How gross margin works
Every sale splits into two parts: the cost of the thing you sold and the profit left over. Gross margin expresses that profit as a percentage of the selling price, so it tells you how much of each dollar of revenue you actually keep before the wider costs of running the business. Because it’s measured against price rather than cost, it can’t exceed 100% and it’s always a smaller percentage than the equivalent markup. Get it the wrong way round and you’ll price too low and quietly erode your profit.
The margin formula
Margin % = (Price − Cost) ÷ Price × 100
The numerator, Price − Cost, is your gross profit per unit; dividing by the price turns it into a share of revenue. For a $60 cost sold at $100: (100 − 60) ÷ 100 × 100 = 40%. To go the other way and set a price from a target margin, rearrange toPrice = Cost ÷ (1 − margin).
What makes this calculator different
- Works in both directions. Solve for the margin from a cost and price, or flip it to find the price that hits a target margin — no re-deriving the formula by hand.
- Margin vs markup, side by side. The result shows the equivalent markup too, so you can see why the same profit looks like a bigger percentage when measured against cost.
- Profit in dollars, not just percent. Alongside the margin you get the gross profit per unit, the number that actually lands in your account.
- Shareable. Your figures live in the URL, so you can send a pricing scenario to a partner or save it for later.

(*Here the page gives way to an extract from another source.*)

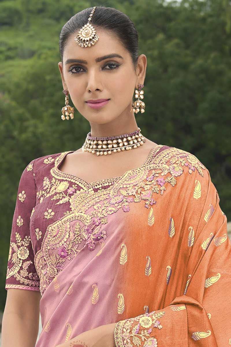 Boost your fashion style with this beautiful alluring Pink and Orange colored designer saree. Order this saree which is made of Viscose Tissue Silk fabric and is beautifully crafted with Heavy Zari, Resham, Sequin Embroidery Work with Cut Work and Lace Border Work. Pair this saree with ethnic jewellery and a pair of heels to elevate your style. This saree comes with a Purple colored, Raw Silk blouse fabric. Note slight color variation may be possible due to the digital photography. Accessories shown in the image is for photography purpose.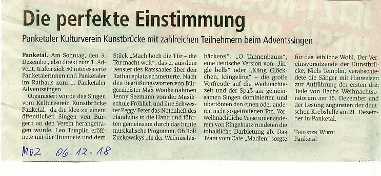 Advent- und Weihnachtssingen 02. Dezember 2018

Frequently asked questions
What is gross margin and how do I calculate it?+
Gross margin is the share of each sale you keep as profit after covering the direct cost of the item you sold. The formula is margin = profit ÷ revenue × 100, where profit is selling price minus cost. For an item that costs $60 and sells for $100, the profit is $40, so the margin is 40 ÷ 100 × 100 = 40%. Enter your cost and selling price above and the calculator returns the margin instantly.
What’s the difference between margin and markup?+
Margin and markup describe the same dollar of profit but measure it against different numbers, so they’re never equal. Margin is profit as a percentage of the selling price, while markup is profit as a percentage of the cost. On a $60 item sold for $100, the $40 profit is a 40% margin (40 ÷ 100) but a 67% markup (40 ÷ 60). Markup is always the larger figure, and confusing the two is one of the most common pricing mistakes.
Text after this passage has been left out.